Алёна была счастлива оттого, что наконец-то отважилась на решительный шаг.
– (Молодец, Урбанова, – она часто мысленно называла себя по фамилии, – ждешь новизны? А сама стоишь на месте. Уже 91-й год начался, тебе 35. Боишься перемен?!)[1]1
В этой книге внутренняя речь персонажей выделяется круглыми скобками.
[Закрыть]
Она завернула за угол и оказалась на Калининском проспекте.
– (Всю жизнь торчишь в одном университете: студентка, аспирантка, препод-да-ватель. Сколько можно? Я понимаю, мужа поменять не получится. Что тебе твой сын еще в три года сказал? Другой еще хуже будет. К устам младенца надо прислушиваться. Второго ребенка ты рожать боишься. Хотя бы фамилию в замужестве поменяла. Была бы сейчас Нахимова. Всё какое-то разнообразие. И остается тебе, дорогая, только одно: менять работу. Что ты так вцепилась в эту кафедру?)

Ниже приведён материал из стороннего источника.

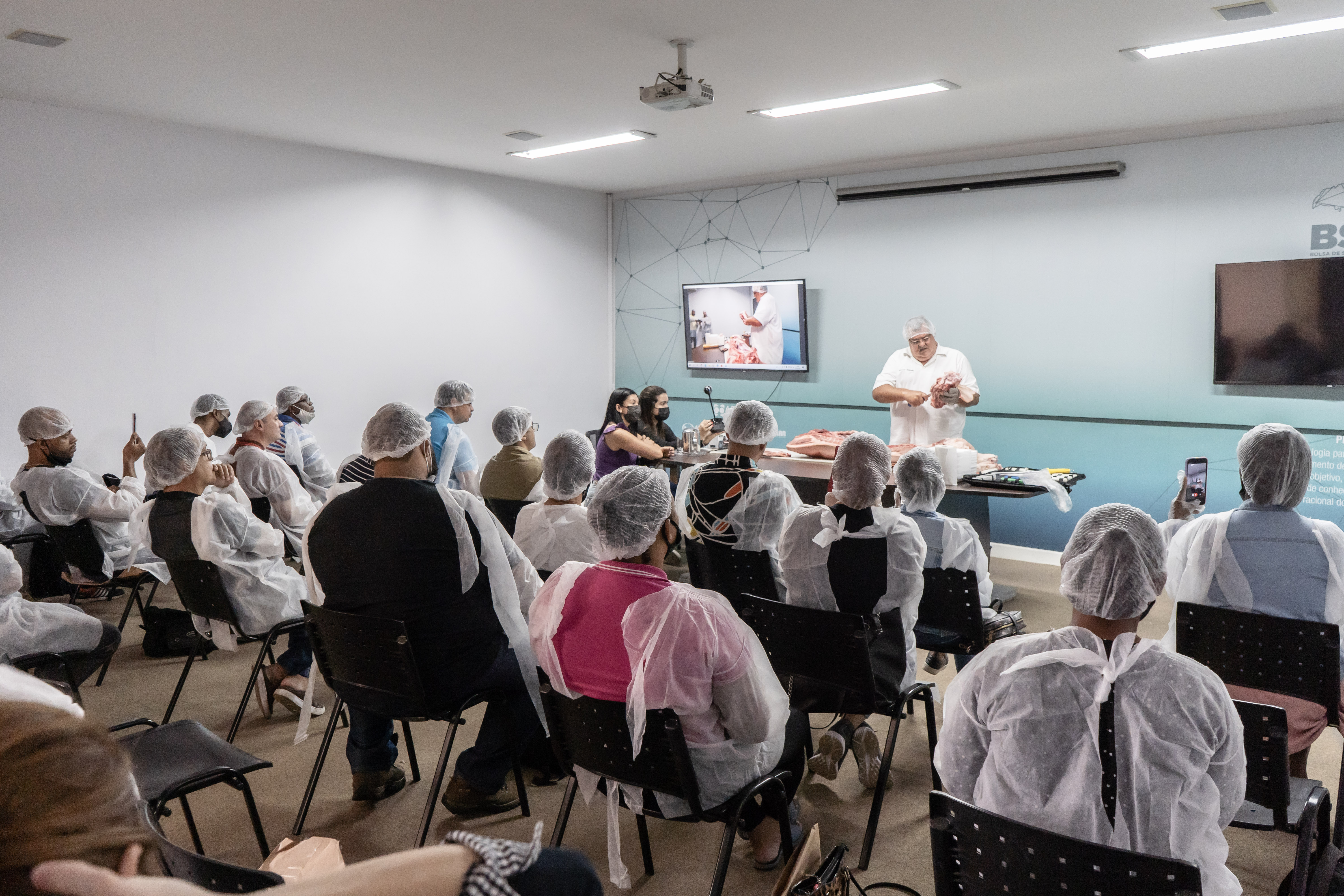O encontro foi dividido em dois momentos: na parte da manhã, foi realizado o curso de Cortes Suínos, com o engenheiro de alimentos e especialista em carne suína, Marcos Bisinella, onde os participantes do evento puderam conhecer os diversos cortes existentes a partir da carcaça suína bem com o aproveitamento integral de todas as partes do suíno.

Недавно на конференции она познакомилась с Геннадием Андреевичем Вершинским. Он был впечатлен докладом Урбановой и после выступления не отпускал ни на шаг, пытаясь уловить смысл инновационных идей. Расспрашивал, делал пометки в блокноте. Звонил вечерами и часами вел телефонные беседы. Потом сделал предложение руки и сердца в виде позиции и приличной зарплаты в Образовательном центре при Министерстве.
Алёна подошла к остановке 2-го троллейбуса около Почтамта, наискосок от метро «Арбатская».
– (Всё! Ухожу! Хватит пяти лет стояния у доски. Надоели все эти кафедральные дрязги, часов, бессмысленные заседания кафедры, унылые профсоюзные собрания, брр…)
Она поежилась от проникающего в костную ткань ветра, несущегося по Калининскому проспекту, как по трубе с усиленной тягой. Пристроилась на бордюре и вытянула шею в сторону морозовского особняка, он же Дом дружбы народов.
– (Троллейбуса не видно. Не идет… Надо бы спрятаться, а то все мои «цветочки-лепесточки» сдует и разнесет по полю, как снежную пыль во время бурана), – она тяжело вздохнула.
Урбанова нашла жалкое укрытие в нише у входа на почтамт.
– (Заканчиваю семестр и отчаливаю. Желающих на мое место найдется предостаточно, так что никого не подведу).
К тротуару с разбегу пришвартовался «второй», уверенно обдав грязью остановку. Алёна поспешила к открывающимся дверям и тут же резко затормозила на тротуаре, чуть не поскользнувшись на зеркале вечерней лужи с отражением дремлющих в троллейбусе унылых пассажиров.
– Нельзя было поближе к тротуару подъехать! – возмущались граждане, покидая салон. Одни, чертыхаясь, обреченно ступали в адскую ледяную смесь из снега и грязи. Другие, способные к эквилибристике, пытались преодолеть черное леденящее пространство на каблуках, рискуя упасть и окунуться в него целиком.
Алёна застыла в нерешительности, примеряясь к неизбежности зачерпнуть невысоким стильным сапогом весеннее месиво. Прыгать с тротуара на подножку троллейбуса не хватало отваги.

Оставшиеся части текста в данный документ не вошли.